Features

Peralta Trustees Approve Laney Art Annex Contract By J. DOUGLAS ALLEN-TAYLOR

Friday April 29, 2005

Peralta Community College District Trustees gave the unanimous go-ahead Tuesday to the construction of the Laney College New Art Building by a San Joaquin County modular building firm. Meanwhile, with consideration of the long-delayed proposed contract to developer Alan Dones for a Laney-Peralta development plan failing to make the trustee’s agenda, opponents came out to oppose the proposal anyway. 

Trustee ratification of Chancellor Elihu Harris’ $8.1 million Laney New Art Building no-bid contract with Lodi-based Meehleis Modular Builders had originally been on the Peralta board’s agenda two weeks ago, but was put off after concerns were raised by the Alameda County Building Trades Council over union-pay issues. 

The chancellor’s office returned with approvals of the contract from Alameda County Building Trades Council Secretary-Treasurer Bill Luboviski, Peralta Chief Financial Officer Tom Smith, Peralta General Counsel Thuy Thi Nguyen, and the college district’s bond attorneys. Trustee Cy Gulassa said that he had been prepared to vote against the contract when it was on the agenda two weeks ago, but was now satisfied. 

Concerns over the Meehleis contract had risen because the building’s modular parts will be constructed at the company’s Lodi plant and then assembled on-site at Laney, leaving local union leaders worried that the building would be constructed at below-union wage rates. But under questioning from Trustee Gulassa at Tuesday’s meeting, Meehleis Project Manager Mike Sinclair said that the company “will be paying local prevailing wages” at the Laney site, where two-thirds of the work will be done. The prevailing wage in the Bay Area is union scale. Sinclair said that the fabrication work in Lodi is not covered by prevailing wage. 

Chancellor Harris said that while the trades council “still has general concerns about the modular industry in California and its effect on union wages,” he reported that Luboviski “has signed off on this project.” 

General Counsel Nguyen also said she was satisfied of the legality of what appeared to be a contradiction in the classification of the construction materials. 

The Meehleis contract was signed by Harris using the so-called “piggyback” clause of the State Public Contract Code, which allows one education district to ride—without a new bid—on an old properly-bidded contract already signed by another school district.
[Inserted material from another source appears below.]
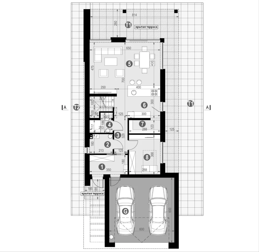 Полезная площадь — 123,69 м² Площадь гаража — 36 м² Минимальный размер участка — 15,65 x 27,45 м

Because the “piggyback” clause is restricted to the purchase of moveable property (called “personal property” in the law), districts have been classifying modular buildings as moveable “personal” property at the time they are purchased at the construction factories in order to qualify them under this clause. 

However, $1 million of the Laney New Art Building is being paid for with Measure E bond money, which is restricted to real (rather than “personal”) property. (The remaining $7 million is scheduled to be paid by CalTrans, which had forced the construction of the New Art Building because it needed the land currently being occupied by Laney’s present Art Annex.) In order to qualify for both “piggyback” contract money and Measure E money, Peralta was classifying the modular building in two seemingly legally-opposed ways. 

Peralta General Counsel Nguyen released a letter to trustees from Peralta bond counsel Charles F. Adams of Jones Hall attorneys, stating that “bond proceeds may be spent to acquire and install modular school facilities due to the fact that once these facilities are bolted to permanent foundations and are connected to utilities, they become ‘fixtures’ under California law, and, as such, may be treated as real property. We have always recognized that at the moment in time when modular school facilities are purchased, however, they have not yet been affixed to real property and therefore constitute personal property until they are affixed. … we believe it is entirely consistent—and certainly not inconsistent—for the District to treat the modular school facilities as personal property at the point in time when they are purchased, but for us to regard them as real property for the purposes of the constitutional restriction on spending Bond proceeds.” 

Adams said in his letter that the prefabricated parts of modular buildings should be treated no differently from any other type of building materials, including lumber and nails. Following the meeting, General Counsel Nguyen said she had reached the same conclusion prior to submitting her query to the bond counsels. 

Chief Financial Officer Smith said the Meehleis contract was “in the best financial interest of the district,” and called Ikharo’s use of the “piggyback” clause “a pretty neat trick.” 

Earlier on Tuesday, Laney College held a kick-off celebration for the Art Annex Construction, which is being built on land formerly occupied by the college’s tennis courts, and which will border the channel running between Lake Merritt and the estuary. 

Representatives of the District Academic Senate and the Laney College Faculty Senate spoke to trustees on the subject. Karolyn Van Putten, the Laney College representative on the District Academic Senate, said “we knew the contract was not on the agenda, but we felt so strongly about this that we wanted to attend anyway.” 

Outgoing Peralta trustees authorized Chancellor Harris last November to enter into a one-year contract with Dones and his Oakland based Strategic Urban Development Alliance to come up with a development plan for the Peralta Administration Building and certain Laney College properties. Harris indicated to district leaders that he was going to put the item on Tuesday’s agenda.